The reformist-inclined President Hassan Rouhani, who won a second term in 2017 riding on Iranians' hopes to see the deal through, has powerful enemies within the state to contend with. There is the ultra-conservative clerical body, which tends to see any rapprochement with the West as a dilution of the Islamic Revolution. And there is the Revolutionary Guard Corps, the armed wing that was tasked with guarding the victory of the Revolution at all costs.
The Revolutionary Guard and the Nuclear Deal
The Revolutionary Guard is increasingly thought, however, to be a force in its own right rather than one working in synchronicity with the state. And the Guard Corp's loathing of the nuclear deal is an open secret, a loathing based on both on ideological grounds, and because of the threat a lifting of sanctions would represent to their entrenched business interests.
Details are still sketchy, but arresting a dual British-Iranian national at this absolute low in the health of the Iran nuclear deal looks like Iranian hardliners trying to hammer another nail into the deal's coffin. President Trump looks ever more determined to kill the deal.
His opposition to it went from a campaign promise, to a "will I, won't I" routine over the first year of his Presidency, to what looks like its death knell over the last few weeks. He fired the pro-deal Secretary of State Rex Tillerson, and made arch-Iran hawk John Bolton his National Security Adviser.
As the May 12th deadline for either extending the sanctions waiver or ending it approaches, French President Emmanuel Macron made an eleventh hour visit to Washington to try and sway Trump to save the deal, apparently to little avail.
If Trump does renege on the JCPOA as expected, the deal technically still stands between Iran and the European parties to the deal. EU member states remain generally very supportive of it, and even if America pulls out and reimposed sanctions, the economic impact of unilateral sanctions from Washington would be limited.

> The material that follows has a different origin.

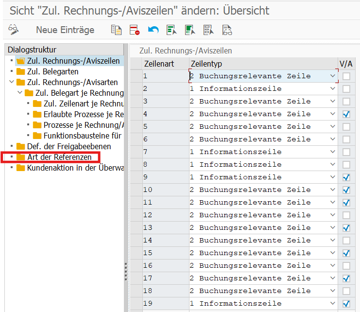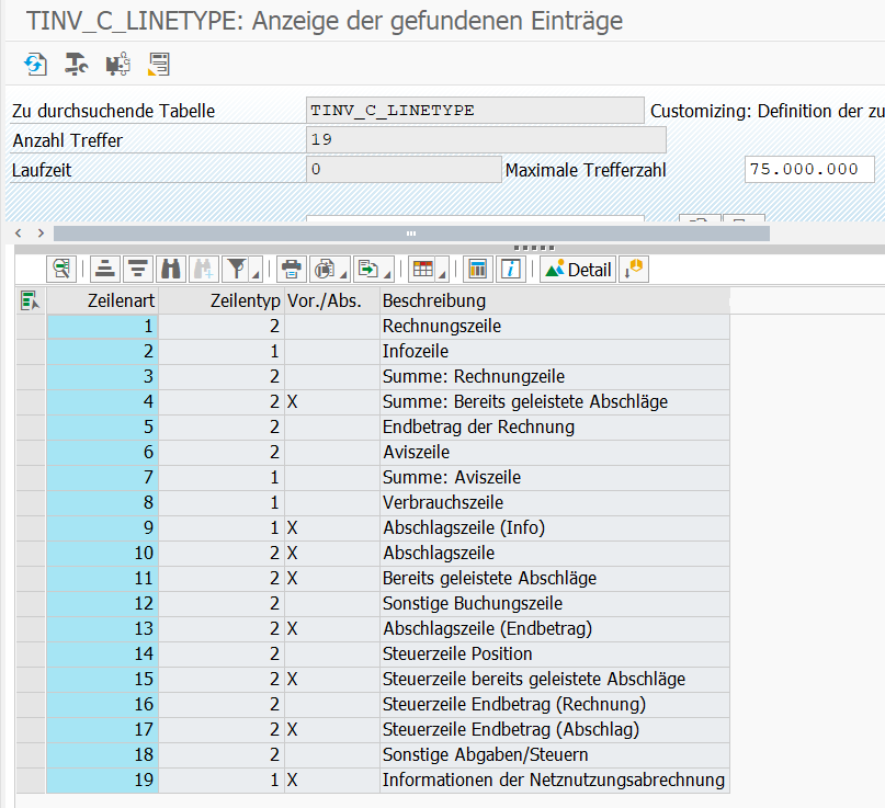 SE16H Tabelle TINV_C_LINETYPE Customizing: Definition der zulässigen Rechnungszeilen

Whether a JCPOA without American participation would hold Iran's participation is open to doubt. But if opposition to it began to grow among the deal's other partners, it is very hard indeed to see a future for it. And Britain is the obvious choice to try and sway.
Will Britain Side With the United States on Iran?

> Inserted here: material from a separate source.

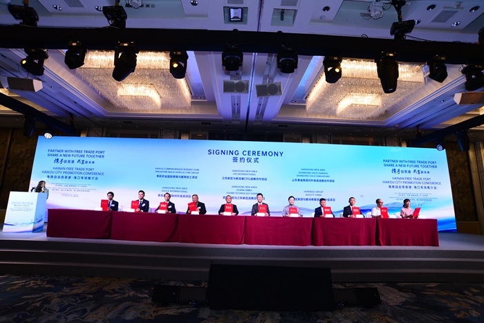 攜手自貿港,共享新未來。9月25日,??谑性谛录悠屡e辦全球大招商活動,來自新加坡、德國、法國、日本等國家和地區的企業,與??谟嘘P單位共簽約34個重點項目,項目總投資額近100億元。鴻寶集團副董事長、總裁袁曉曦與鴻寶集團董事、海南投資控股公司總經理李真受邀參加此次大會。

Having boisterously parted ways with the European Union in 2016, its government is now desperate for allies. The embattled Prime Minister Theresa May has made clear that she is unprepared to alienate Trump, siding with him on most foreign policy matters, and keeping quiet where she cannot defend him. Iran hawks in the UK are taking note.
One British think-tank has said that the UK must avoid parting ways over Iran with the US after Brexit, and some prominent Conservative MPs and potential rivals for the post of Prime Minister have opposed the deal. A second British citizen finding themselves behind bars in Iran, despite what is meant to be a phase of warming relations, will make it harder to defend the British role in the JCPOA in Westminster if the position is challenged.

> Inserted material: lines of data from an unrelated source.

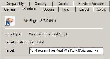 In the Shortcut pane, apply a command in the Target field (see Viz Command Line Options).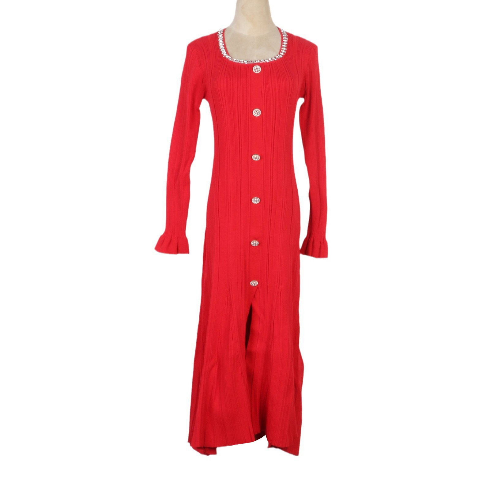 Pleated U-Neck Formal Long Dress, Elegant Long-Sleeve Knitted Dress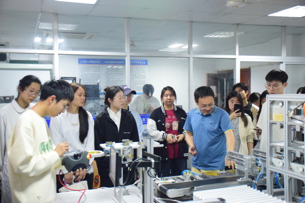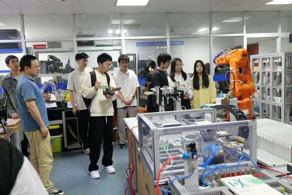 在机电工程学院,党员教师向发展对象展示了工业机器人的现代科技感。通过参观数控加工实训车间和机器人操作与运维等实训室,发展对象对“工业互联网”“智能制造”等概念有了更加直观的认知,对职业教育赋能制造强国战略有了更深入的思考。

If these are the reasons behind Edalat's arrest, then appeals to Rouhani will probably have little traction, for it is him these detentions are trying to undermine.
Rouhani's credibility is already stretched now that the deal is on the rocks, and his power to stand up to hardliners is waning. Meanwhile, dual nationals and vulnerable visitors find themselves caught up in the mix, with Edalat becoming a political pawn in a game he never wanted to play.
Those who know him in the UK seem convinced of his innocence. For now, Edalat's fate hangs in the balance, and Iran's future with it.